Я выразил удивление, что на маяке, где от скуки, казалось бы, умереть можно, нет книг.

– Нам некогда читать, – ответил Майданов, – днем и ночью работы много.

Я посоветовал ему выписать несколько книг и обещал дать их список, но Майданов предупредил меня. Он списал заглавия всех тех книг, которые я имел с собою.

Впоследствии мне рассказывали, что книги эти он получил и поставил их на видном месте. Каждому посетителю он показывал их и говорил, что это я посоветовал ему приобресть их для чтения гостям, которых судьба случайно закинет на маяк…

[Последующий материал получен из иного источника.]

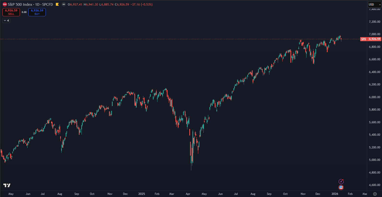 Index S&P 500 začal rok 2026 pozitívne a zatiaľ dosahuje zhodnotenie približne 1 %. Dňa 12. januára bolo dosiahnuté historické maximum 6 986 bodov, ukazujú údaje TradingView. To znamená, že prekonanie psychologickej hranice 7 000 bodov je na dosah. Počas roka 2025 sa objavila len jediná korekcia, ktorá nastala v apríli v reakcii na colnú politiku Donalda Trumpa.
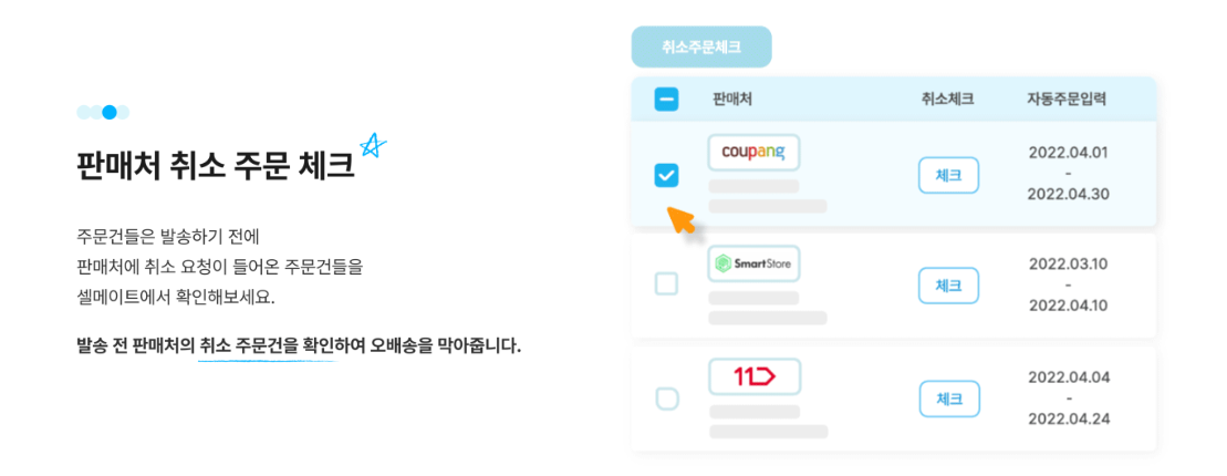 주문건주문 건 배송에 있어 마지막까지 챙겨야 하는 부분 바로 취소주문입니다. 판매처에 취소 요청이 들어온 건을 확인하지 않으면 오배송이 발생하기 때문인데요, 셀메이트는 발송 전 판매처 위소 주문 건을 한눈에 파악하고 처리할 수 있어 오배송을 막아주는 역할도 톡톡히 합니다.
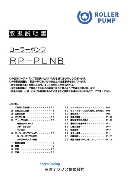汎用中型ポンプで、チューブ押圧がワンタッチで、セットチューブ方式でチューブ交換が容易な構造になっています。
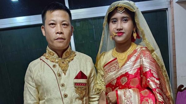 বিয়ের আসরে তাদের পরিচয়। তারপর প্রেম। আর এ প্রেমের টানে চীন থেকে নীলফমারীতে ছুটে এলো প্রেমিক। বিয়েটি সম্পন্ন হয়েছে গত মঙ্গলবার (১৮ জুলাই) নীলফামারীর সৈয়দপুর শহরের একটি কমিউনিটি সেন্টারে। প্রেমিক
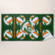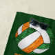 This volleyball team spirit beach towel features a pattern of green, orange and white stylized volleyballs arranged in a mirrored pattern with customizable text between the volleyballs, currently team name & mascot name - the athlete's name and jersey number can be personalized, as well as the darker green background colour - by katz_d_zynes
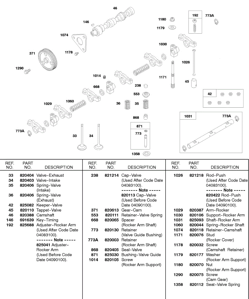Parts for Briggs & Stratton 522447-0376-E2: Valves, Springs, Camshaft, Push Rods Parts
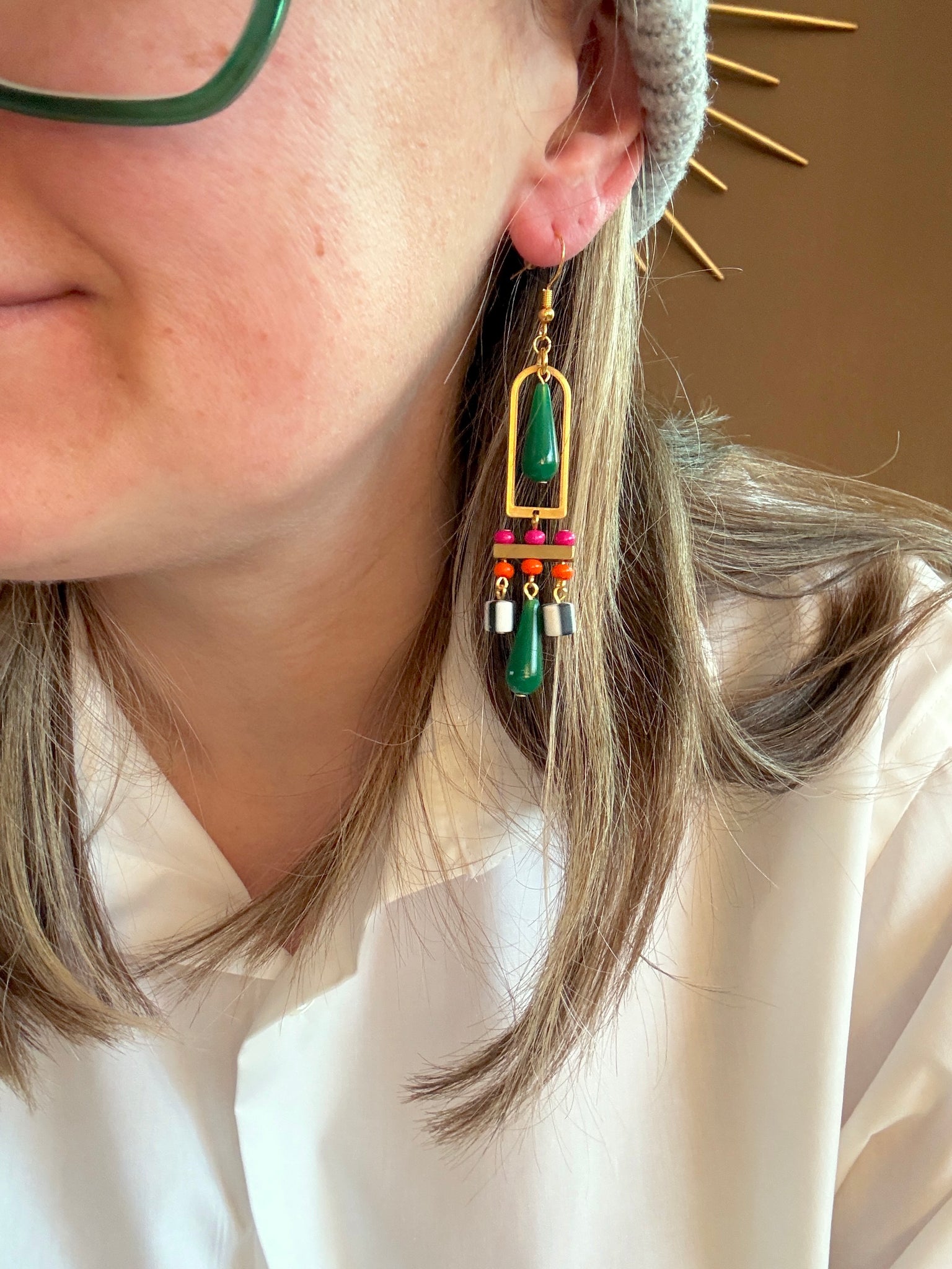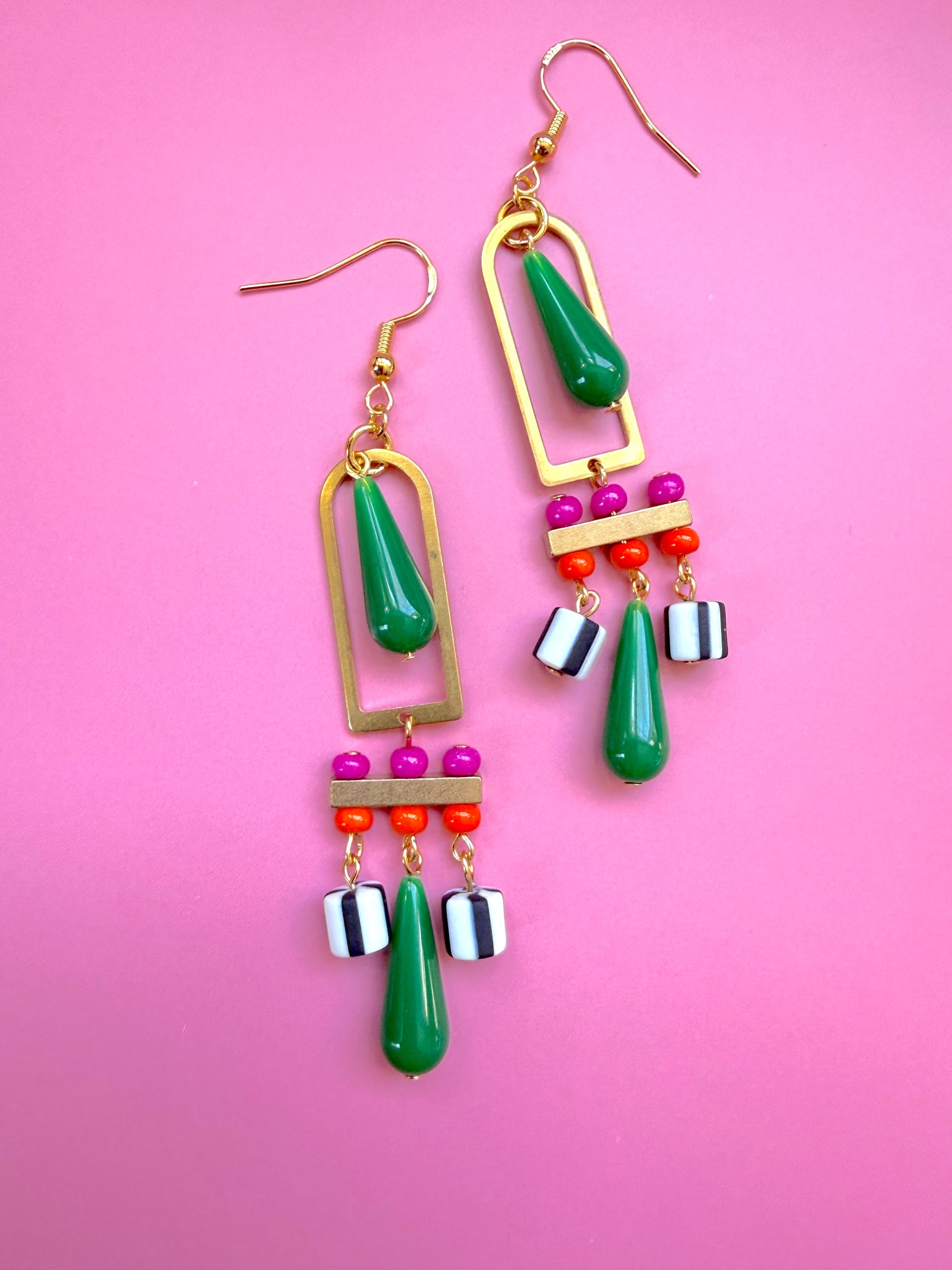 Surrounding the green teardrops are pops of dark pink and bright orange glass seed beads, adding warmth and contrast to the design. Graphic black and white striped beads bring a fun, modern accent that ties the colorful palette together.
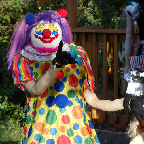 Pumpkin People JugglerLionClown500MakeupClown500The Pumpkin People have returned with the foliage season in the Mt. Washington Valley. A Jackson village tradition for 26 years, there are over 55 displays to view until October 20.. Themes vary from White Mountain artists, to the newest British royal, to Despicable Me, Eskimos, Pumpkin Flowers, Harry Potter and more. Here at the Inn at Ellis River we are ‘Clowning Around’. Tara and Tony, the two little children, are enjoying the fun under the Big Top, while Fiona, our featured Pumpkin every year, is selling popcorn to one and all.. The trained Pumpkin Bear waits patiently while Sebastian the Pumpkin Lion leaps through one clown’s hoop and another clown juggles three balls in the air. Backstage in the corner, the clown for the next act is busy finishing his makeup. So come join the fun and pose for your own picture ‘Clowning Around’ at the circus.
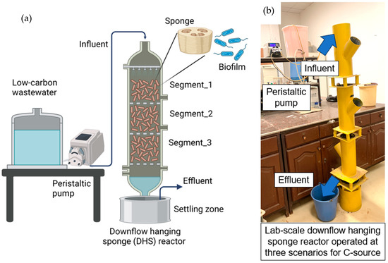 Downflow hanging sponge (DHS) reactor (a) schematic diagram; (b) real lab-scale image. The drawing was created with BioRender.com (Agreement number: VX26H709TR).
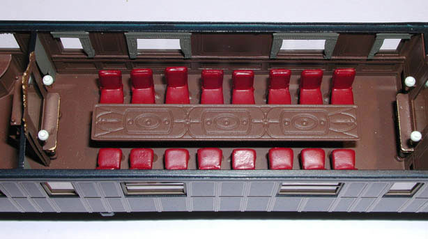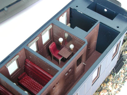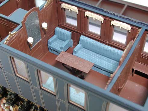 Il salotto completo di arredi i lampadari a parete e a soffitto sono con la riproduzione della zona notte e dei scompartimenti per i dignitari del seguito, la parte caratteristica della carrozza. Uno scompartimento dotato di strapuntini per i Corazzieri della scorta completa il modello. La cassa , accuratamente verniciata nel tradizionale “blu notte” e decorata con filetti in oro tampografati, il telaio in nero e il tetto in grigio, fanno di questo modello un’altra straordinaria ricostruzione storica.

В сумерки мы поднялись с ним на башню для осмотра фонаря. Когда я вышел на мостик с перилами, окружающими фонарь, я поражен был громадным количеством ночниц, налетевших на свет, и тотчас же стал собирать их в морилку с цианистым калием. Вечером я укладывал насекомых в конвертики и делал надписи на них.

Часов в восемь с половиной Майданов, сидя за столом, стал дремать.

– Идите спать, – сказал я ему.

– Нельзя, – ответил он.

– Почему? – спросил я опять.

– Надо в девять часов произвести метеорологические наблюдения.